Fascinée par ce spectacle, la chercheuse photographie. Et se retrouve assez vite avec un matériel visuel consistant. Ayant l’habitude d’utiliser la bande dessinée comme support pédagogique dans ses cours, l’idée lui vient de créer un discours de recherche dans une forme totalement nouvelle en partant de ces images. Ce travail aboutit à une BD publiée le 30 juin dans la revue Politics and Space (EPC 2020, Vol. 38(5) 771-794), une revue classée parmi les 15 meilleures en géographie et en administration publique. À la connaissance de la chercheuse, c’est probablement la première fois qu’une bande dessinée est ainsi publiée dans une revue scientifique de géographie.

«Le support visuel m’a permis de construire un récit offrant différents niveaux de lecture, explique Juliet Fall. L’article a énormément circulé, auprès de mes collègues et de mes proches. Je reçois des messages de personnes très diverses hors du milieu académique qui se disent passionnées et interpellées par le sujet. Je n’aurais jamais eu ce type de réaction avec un article scientifique standard, beaucoup plus linéaire. Je n’ai pas le sentiment d’avoir simplifié mon propos, mais je crois qu’il est accessible en raison de sa forme qui offre plusieurs lectures possibles. C’est intéressant. Cela signifie que l’on peut produire des objets de recherche qui ne sont pas de la vulgarisation mais qui peuvent se lire de différentes manières.»

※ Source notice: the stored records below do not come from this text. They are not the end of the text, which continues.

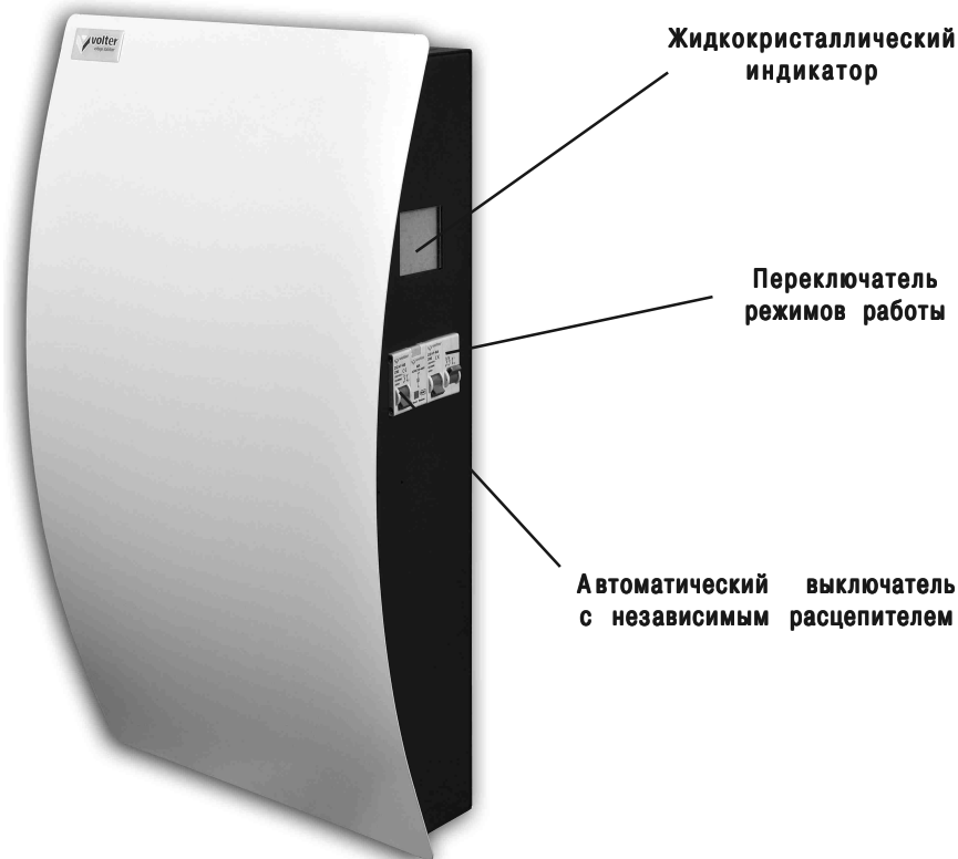
Рис. 1. Стабилизатор напряжения

В верхней части расположен клеммник, для подключения стабилизатора, закрытый крышкой. Там же расположен заземляющий контакт.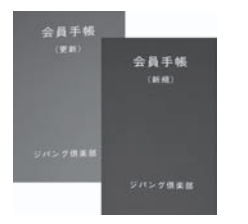
会員手帳(左・色は緑)と更新手帳(右・色は赤)と新規会員

▼入会資格 身体障害者手帳をお持ちの方 男性60歳・女性55歳以上の方 ▼年会費 一人 1,350円 (入会金はありません)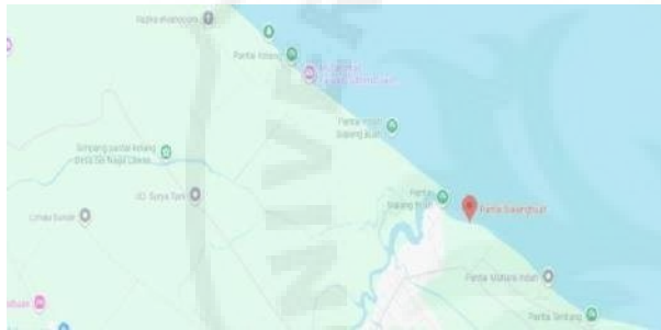
Gambar 3. Lokasi Pengabdian

Program pengabdian ini dilaksanakan di Desa Sialang Buah, Kecamatan Teluk Mengkudu, Kabupaten Serdang Bedagai, Sumatera Utara. Lokasi ini dipilih karena tingkat abrasi yang cukup tinggi (mundurnya garis pantai ±5 meter dalam 3 tahun terakhir). Selain itu, kawasan ini memiliki potensi wisata bahari yang besar, tetapi terganggu akibat kerusakan fasilitas wisata dan ancaman terhadap rumah warga.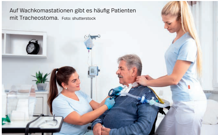
Auf Wachkomastationen gibt es häufig Patienten mit Tracheostoma.

Auf der Apallikerstation werden die Menschen sehr gut betreut, auch medizinisch. Ich bin dort einmal im Monat, bei wichtigen, akuten Problemen auch öfter. Unter anderem kommt in diese ambulante Einrichtung auch regelmäßig ein Beatmungsmediziner. Es gibt auf dieser Station zehn Wachkomapatienten mit Dysphagie bei absaugpflichtigem Tracheostoma. Insgesamt wohnen dort derzeit 20 Patienten mit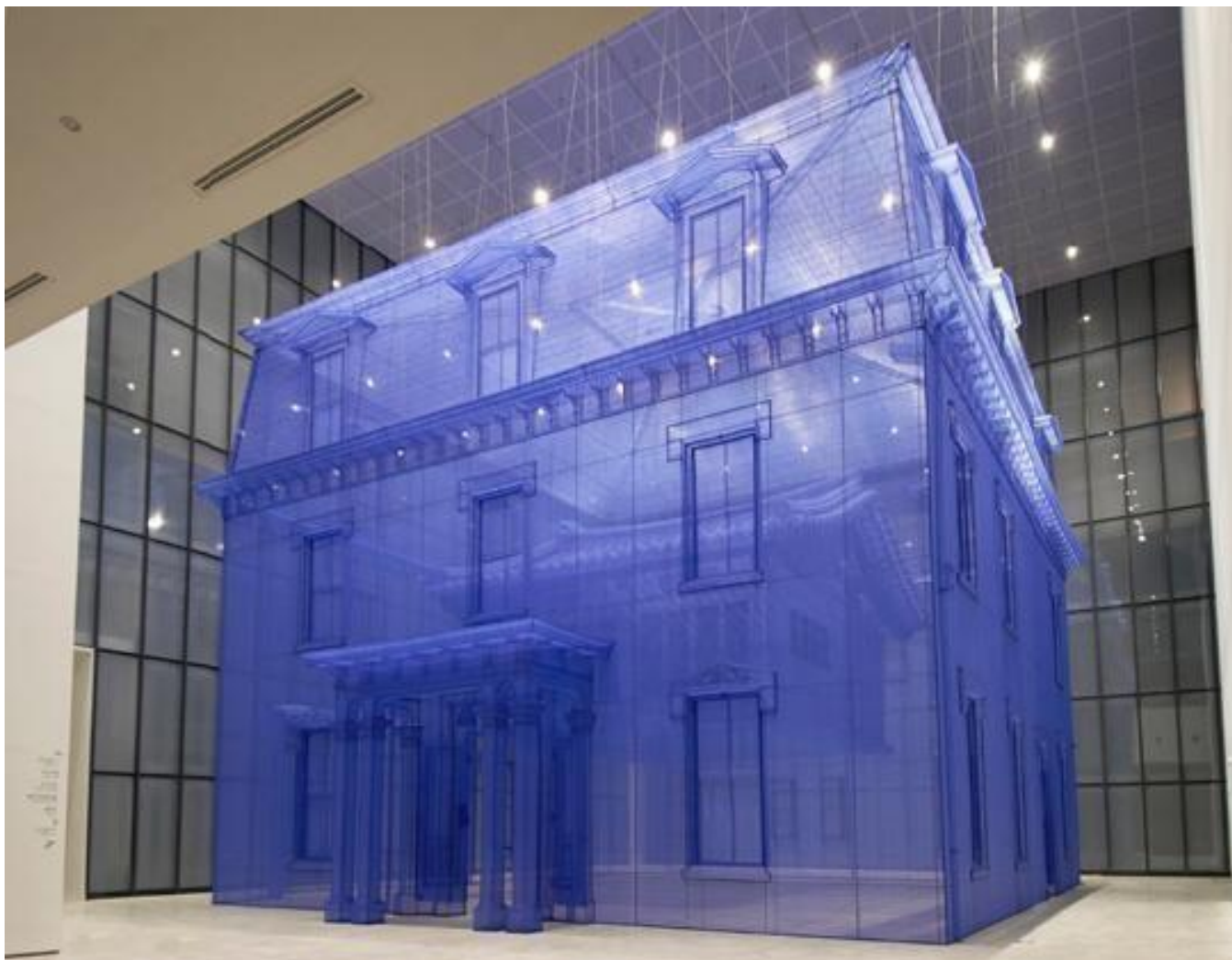
Kuva 4, Do Ho Suh, Home Within Home Within Home Within Home Within Home , 2013-2014, kangas ja ruostumaton teräs, 12 m x 15 m (Suh 2013-2014a)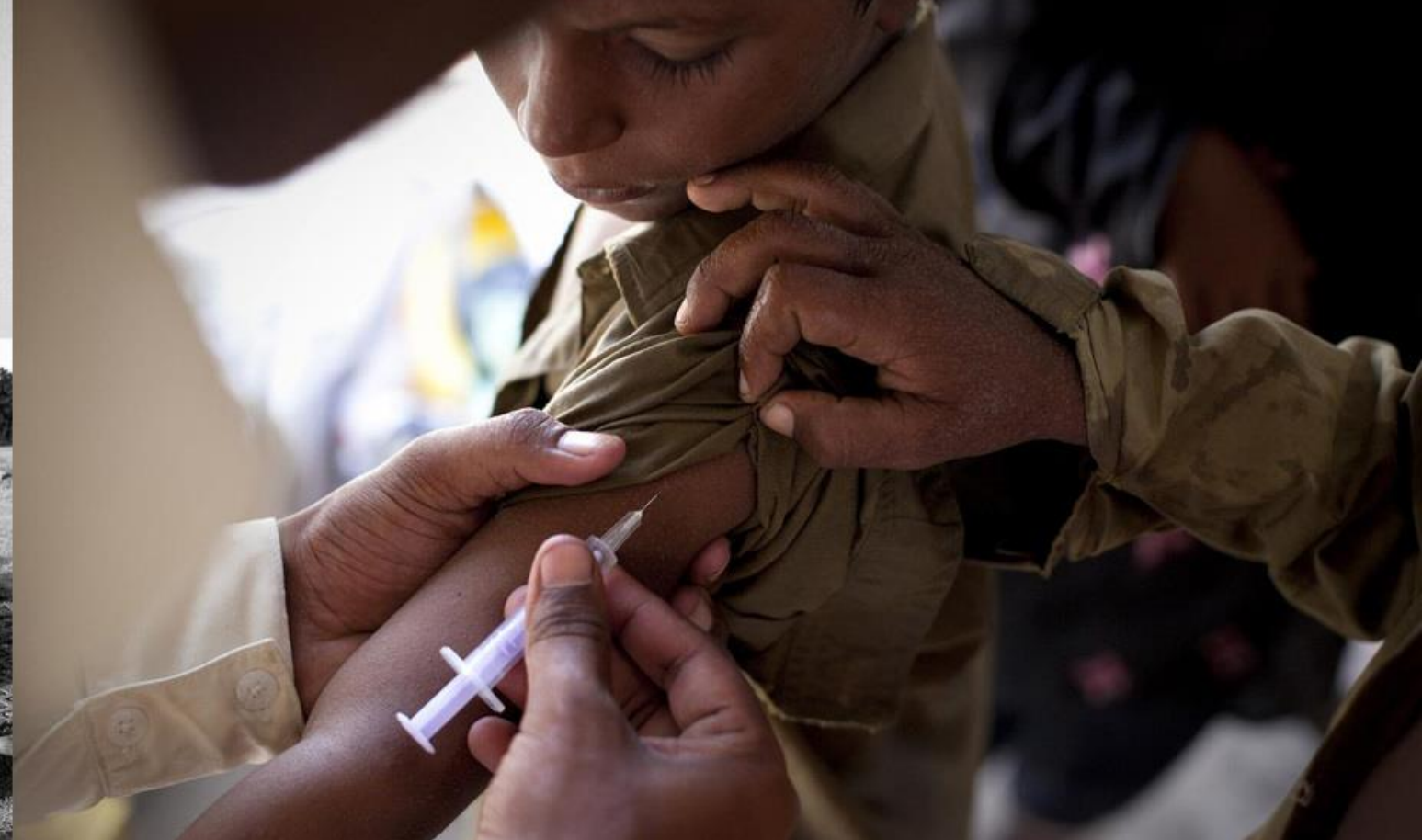
Pakistan , 2010 r. Pracownik medyczny szczepi chłopca przeciwko gruźlicy w tymczasowym obozie dla ofiar powodzi. Czynnikiem powodującym rozwój chorób są katastrofy naturalne, w tym właśnie powodzie, które zanieczyszczają źródła wody pitnej i zmuszają ludzi do przesiedleń.

Dans ce travail, la géographe aborde, par exemple, des thématiques de la géographie féministe qui lui permettent de contextualiser l’évocation incessante de l’espace domestique et de la nation à l’image de ce foyer, où l’on se sent protégé parmi ses proches. «Cette symbolique était renforcée par les affiches omniprésentes dans les lieux publics: l’incitation à rester chez soi. J’ai photographié un panneau sur l’autoroute qui indiquait non pas «Entrée en France difficile», mais «Sortie restreinte». On nous enfermait pour nous protéger. C’est une idée assez étonnante que j’ai reprise pour le titre de la BD, Fenced In, qu’on pourrait traduire par "enclôturés". La prison n’est pas loin.»

En se mettant elle-même en scène dans son récit, l’auteure apporte également une perspective intimiste à sa réflexion. Qu’en est-il des frontières entre les personnes et les corps dans un espace public où l’on avance masqué-es et où les poignées de main et les embrassades sont proscrites? «Cela pose des questions géographiques fondamentales. Avec le confinement, nous avons été rendu-es attentifs et attentives à nos rapports à l’espace dans nos relations interpersonnelles – la distance sociale –, et dans nos déplacements ainsi que nos voyages.»